Decode Your Child’s Coloring Pages
Children love to give color, and their work is a reflection of their interior world. Most kids don’t think about or censor their artwork. For the past 40 years, I’ve used children’s Colouring Webpages as an important part of my pediatric practice. At each well-child visit beginning at 4 or 5 5 yrs . old, our nurse asks the child to “give color a picture of your loved ones doing something.” To simplify the procedure, each exam room is equipped with blank white newspaper over a clipboard with a dark felt pen.
The family colouring helps me survey development at a given moment in time, and it may word of advice me off to potential problems. A single colouring is a snapshot of a child’s point of view — of her role in the family, her romance to other members of the family, and her self-esteem. In addition, it may show talents in the child and the family that are important to recognize and validate. It could indicate cultural patterns that provide me a better knowledge of some actions or beliefs. I always ask the parents because of their impression of the colouring site, because our dialogue can produce even more info that might not exactly come up usually.
An enormous caveat here: We all want to find hidden meanings in Coloring Pages, but be cautious about overinterpreting. It isn’t a good idea to read too much into your child’s sketches. Instead, utilize them as an possibility to talk with your child about what he or she has drawn. Then ask questions about them to enhance communication between you. Do your very best to avoid giving too many of your own impressions. I purposely keep carefully the discussion very open-ended: “Tell me about your coloring. Who will be the people in the picture? What are they doing?” For examples of what you may be looking for with your own children, check out my analysis of the kids’ Coloring Pages.
This first picture is a superb exemplory case of how artwork can be considered a springboard for dialogue. It was attracted by an individual of mine when she was 11. She possessed lived alone with her mom since beginning and she has no siblings. On the surface, her physical health, schoolwork, and communal development were just fine. But she made friends little by little and she was unusually cautious about leaving her mother to go to friends’ houses. She preferred to get friends come to her house and play while her mother was nearby. I used to be concerned that their close relationship got truly in the way of her learning how to split up from her mommy, which really is a necessary part of development.

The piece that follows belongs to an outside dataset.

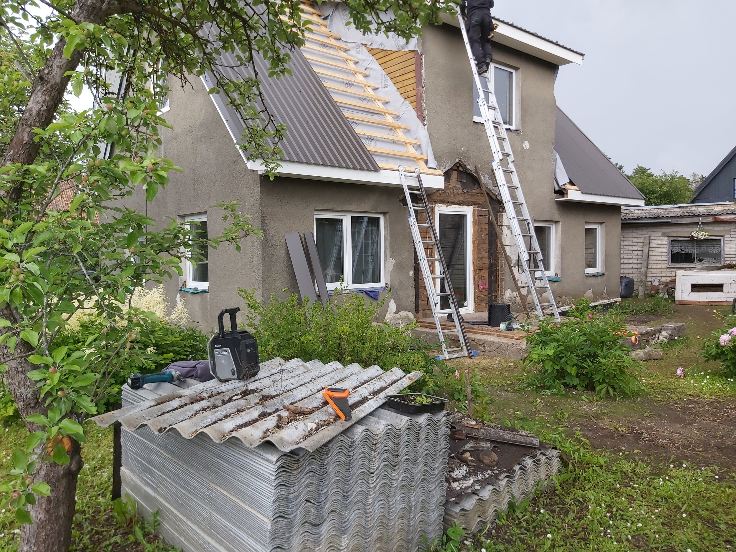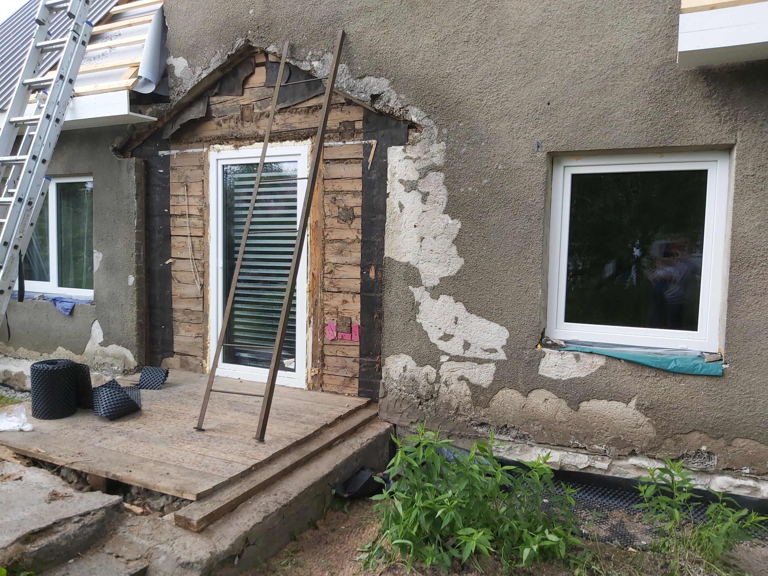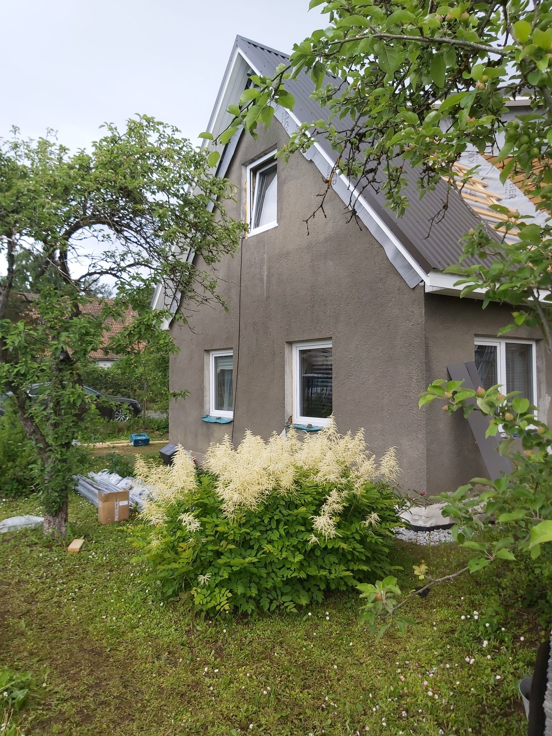Majale on osaliselt uus katus paigaldatud, aga tep-plaat koos krohviga seisab soojustusel ja katusetööde lõpetamisel ees.

I hadn’t been able to get this point across at prior office trips. But with this colouring, I had developed an opening. Just how they were located so closely collectively, and the fact that a short string connected the mom and girl, stood out if you ask me. WHENEVER I asked Mother, “What do you consider relating to this picture?” she at first talked proudly about her daughter’s coloring skills. But then she accepted that she could see what I’d been trying to state about their marriage. We could actually speak about it, and she remaining the office encouraged to help her little girl (and herself ) discover ways to separate psychologically while keeping their caring and close romantic relationship.
Color skills often start to tell a tale in kindergarten. Although kids at this age have a tendency to use simple keep figures, you will often opt for things up from facial expressions, where members of the family are put, and what they’re doing. This second picture, drawn by the 5-year-old girl, can be an example of that. She drew her mother on the significantly left, accompanied by the family dog, her father, herself, and her 8-year-old brother. The girl drew herself as bigger than her parents — this typically displays good self-esteem. It’s worthwhile noting that she positioned herself between her daddy and sibling: When children are between 4 and 6 years old, they create a sense of these gender identity. As part of this normal developmental process, girls often get bodily and emotionally nearer to their daddy (children this age have a tendency to get nearer to their mom), and the feelings are temporary.